DEJADME LA ESPERANZA

En 1975, el mismo año que moría uno de esos funestos personajes cuyas monstruosidades ni imaginar pudiera el más fantasioso de los otakus (aficionados a la animación japonesa), RTVE realizó una encuesta para saber cuál era el programa mejor valorado de su parrilla. Ni El hombre y la Tierra de Rodríguez de la Fuente, lo más cerca que hemos estado de la vanguardia televisiva; ni Un, dos, tres… responda otra vez, el único formato español que ha traspasado fronteras; ni la cursi La casa de la pradera o el exótico sex symbol Sandokan. La elegida fue una serie protagonizada por una niña suiza de mejillas arreboladas que respondía al nombre de Heidi.

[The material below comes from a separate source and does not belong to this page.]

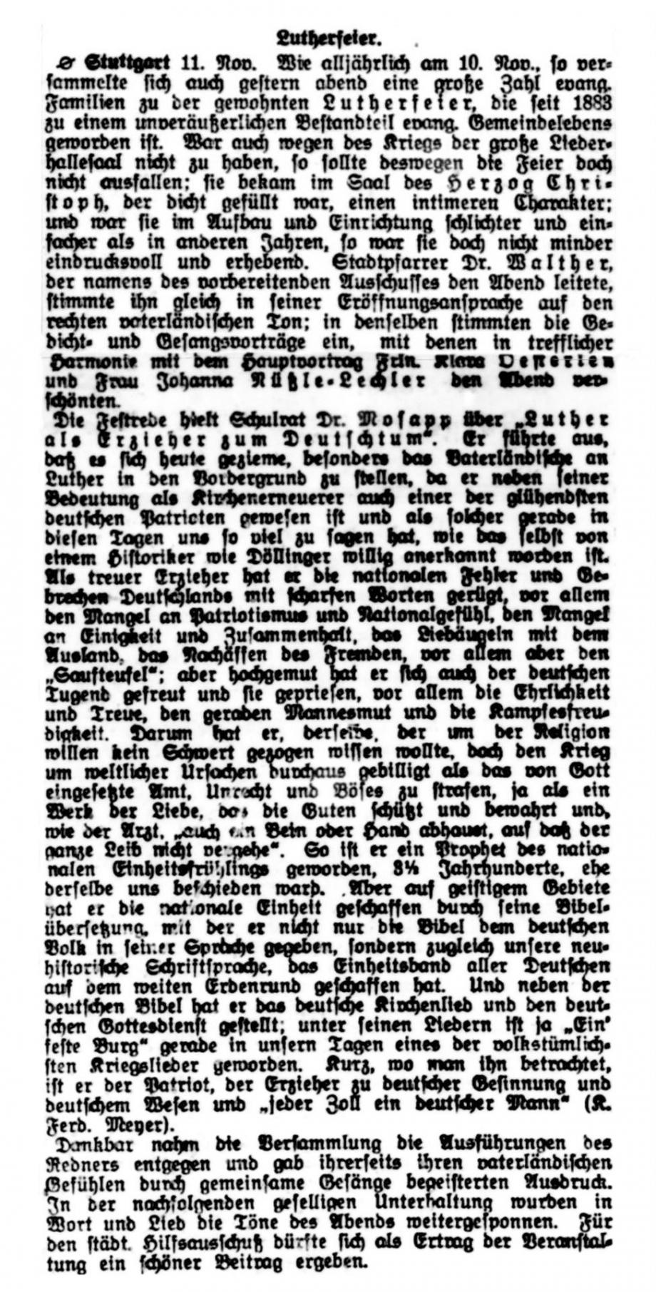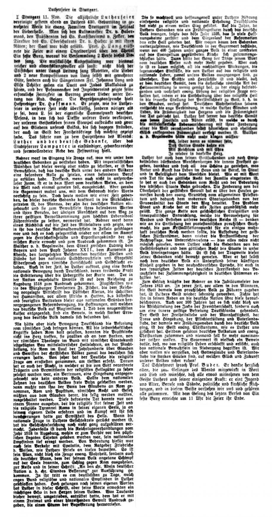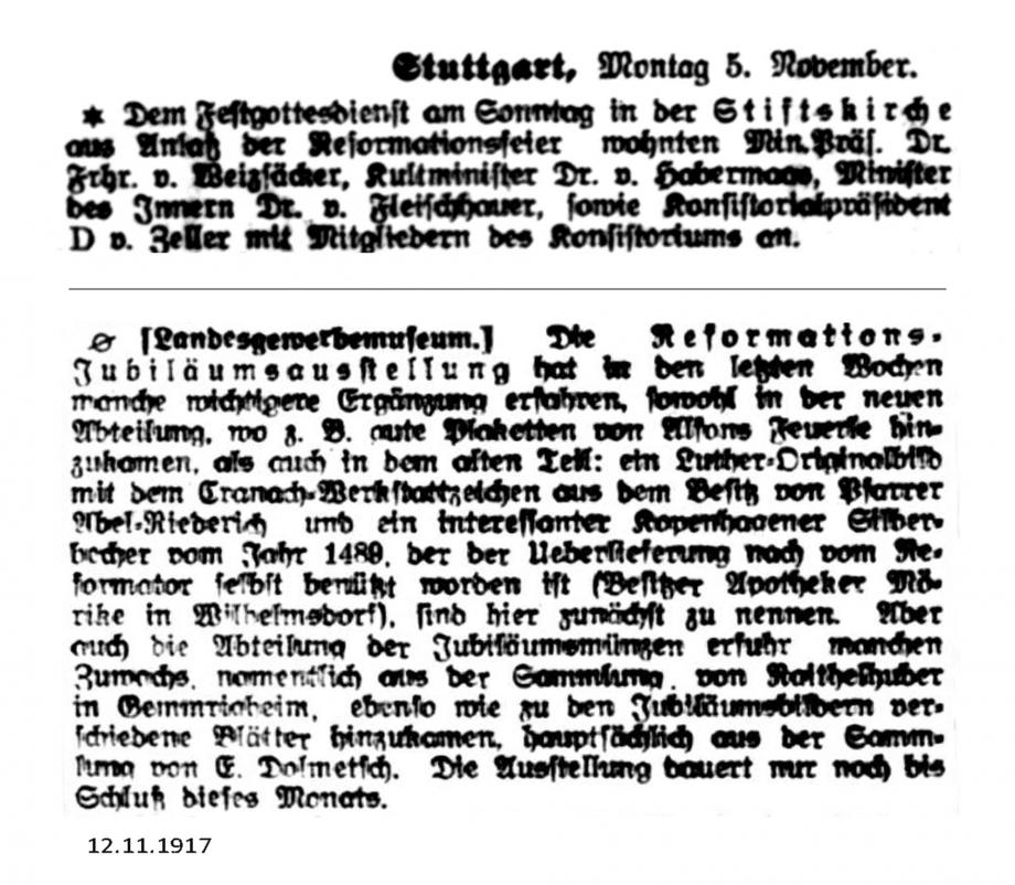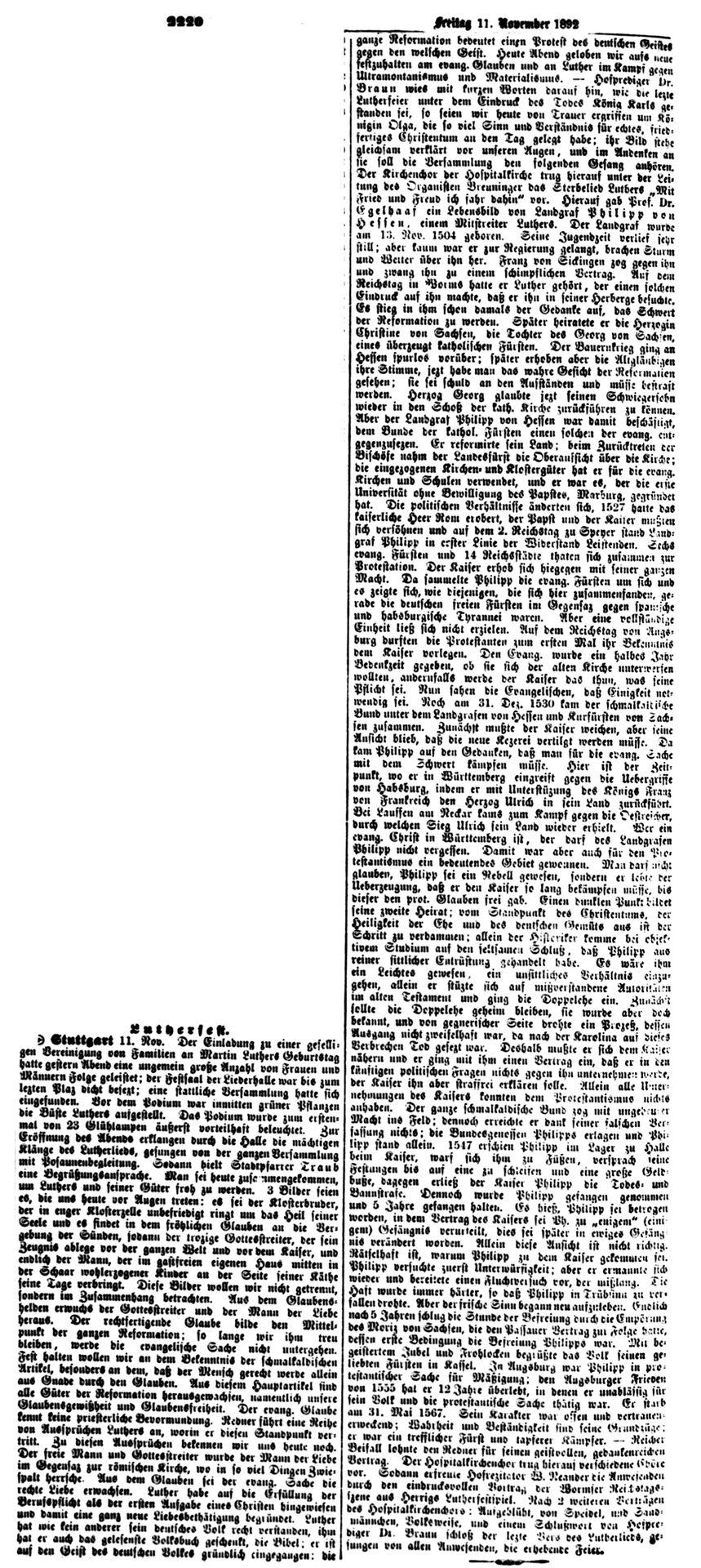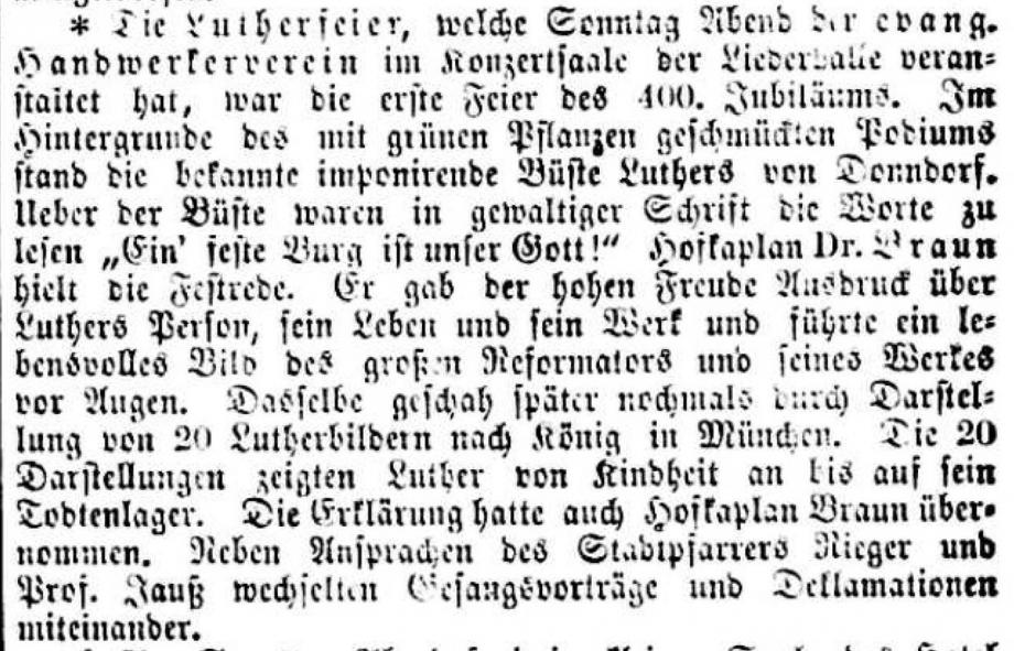 Nach dem großen Gedenkjahr 1883 findet jährlich im November eine Luther-Feier in Stuttgart statt, über die auch die Schwäbische Kronik berichtet (1899 + 1915 fehlen). Da die Ausgaben 1884 in sehr schlechtem Zustand sind, hier eine Abschrift, danach Scan von Mikrofilmen in der WLB Stuttgart:

De aquellas, claro, todavía en la noche de los tiempos, no nos permitíamos esa licencia esnobista de reparar en los títulos de crédito. De hacerlo, habríamos caído en la cuenta de que, detrás de Heidi, como detrás de Marco, se encontraba a la dirección un tal Iseo Takahata e, inmediatamente después y como mano derecha, un tal Hayao Miyazaki. Eran los años gloriosos de otra empresa, la Zuiyô/Nippon Animation, cuando su asociación con las cadenas europeas (en especial la ZDF germana) proporcionó el tiempo y el dinero para revolucionar la animación. Lo bueno, como suele ocurrir, duró poco, pero tuvo unas consecuencias que modificarían por completo la pequeña pantalla.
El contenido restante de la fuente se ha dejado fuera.